I will study those papers and let you know if I have more questions.

Thank you so much for your kind help.

Best regards,
Dimitri Mavroeidis
Reply by dvsarwate December 24, 20132013-12-24
On Tuesday, December 24, 2013 2:25:44 PM UTC-6, Dimitris Mavroidis wrote:
> Dr Sarwate, > > > > Thank you very much for your reply. This makes a lot of sense, and it is indeed very elegant. I fully understand what you say. > > > > I think that the only remaining item which will take a few extra cycles is the division itself in (12). We need to calculate the reciprocal of the denominator and then multiply with the numerator. As far as I know, the only way to calculate the reciprocal would be a lookup table in combinational logic, which can be implemented to operate in multiple pipelined cycles in order to reduce the critical path. > > > > I would certainly value your input if you had some proposal about how to perform the division in a more efficient way than that. > > > > Thank you very much for all your help so far. > > > > Best regards, > > Dimitri Mavroeidis
I have published several papers on inversion and division in finite fields with my student (now ex-student) Zhiyuan Yan of the ECE Dept of Lehigh University. Look at his web page which has most of these available in pdf format. --Dilip Sarwate
Reply by Dimitris Mavroidis December 24, 20132013-12-24
Dr Sarwate,

Thank you very much for your reply. This makes a lot of sense, and it is indeed very elegant. I fully understand what you say.
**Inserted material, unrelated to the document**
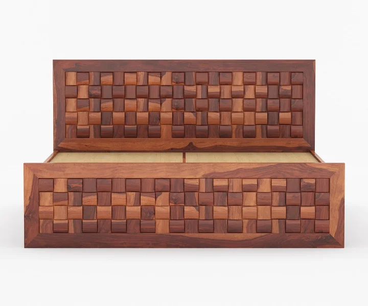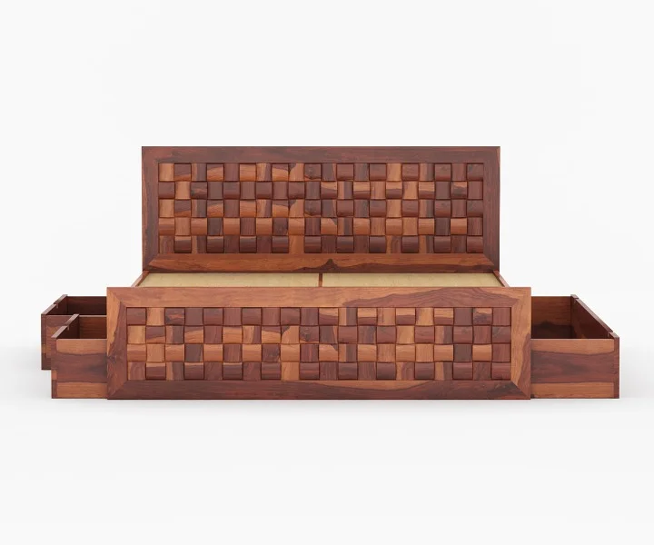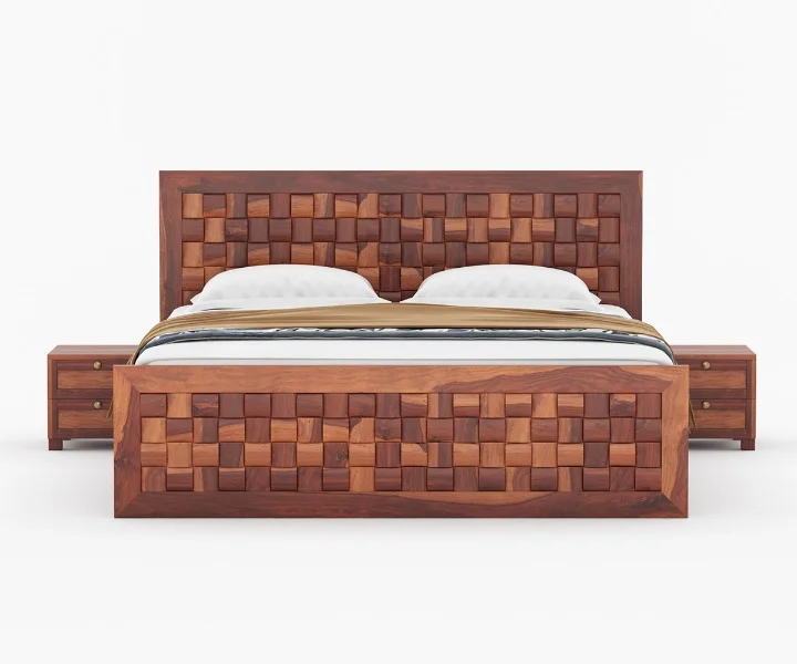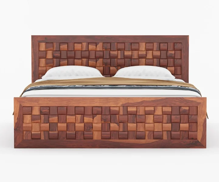 The bed in the image showcases a robust Sheesham wood frame with a rich brown finish.

I think that the only remaining item which will take a few extra cycles is the division itself in (12). We need to calculate the reciprocal of the denominator and then multiply with the numerator. As far as I know, the only way to calculate the reciprocal would be a lookup table in combinational logic, which can be implemented to operate in multiple pipelined cycles in order to reduce the critical path.

I would certainly value your input if you had some proposal about how to perform the division in a more efficient way than that.
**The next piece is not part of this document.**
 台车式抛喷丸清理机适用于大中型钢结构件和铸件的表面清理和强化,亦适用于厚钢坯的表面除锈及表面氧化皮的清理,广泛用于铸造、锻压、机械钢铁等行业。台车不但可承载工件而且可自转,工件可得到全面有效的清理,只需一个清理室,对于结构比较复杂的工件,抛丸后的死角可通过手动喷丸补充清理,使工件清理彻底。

Thank you very much for all your help so far.

Best regards,
Dimitri Mavroeidis
Reply by dvsarwate December 24, 20132013-12-24
On Tuesday, December 24, 2013 2:53:56 AM UTC-6, Dimitris Mavroidis wrote:
> Dr Sarwate, > > > > Thank you very much for your reply. I believe however that in this post you are referring to the Chien search. I am aware of the method that you describe, and this is what I am planning to use in my design. > > > > However my question had to do with the Forney calculation, as described in your paper in equation (12), rather than the Chien search. The Forney calculation in your paper, because of the "high-order" EEP that is calculated through the riBM and RiBM algorithms, requires the calculation of a power - Xi^(m0 - 2t). That power may become the critical path. I was wondering if you had any suggestions on how to perform the Forney calculation on each root position efficiently. >
It is the very same thing as I described above. You are evaluating a polynomial z^{m_0+2t}\Omega^{(h)}(z) in which the low order coefficients are 0 (the lowest degree term is m_0+2t) and these terms don't need to be saved in registers, multiplied by constants in one clock cycle etc. So you are doing the same thing as you are doing in the Chien search. Notice also that the denominator in (12) is actually the sum of alternate terms of what you will be computing in the Chien search, that is, both the error evaluation and the Chien search should be done synchronously. The Chien search produces two answers, one telling you if this is an error location, and the other (the sum of alternate terms) telling you what the denominator is in (12). Thus, we always compute a putative error value, discarding it if this is not an error location, and using it if this is indeed an error location. --Dilip Sarwate
Reply by Dimitris Mavroidis December 24, 20132013-12-24
Dr Sarwate,

Thank you very much for your reply. I believe however that in this post you are referring to the Chien search. I am aware of the method that you describe, and this is what I am planning to use in my design.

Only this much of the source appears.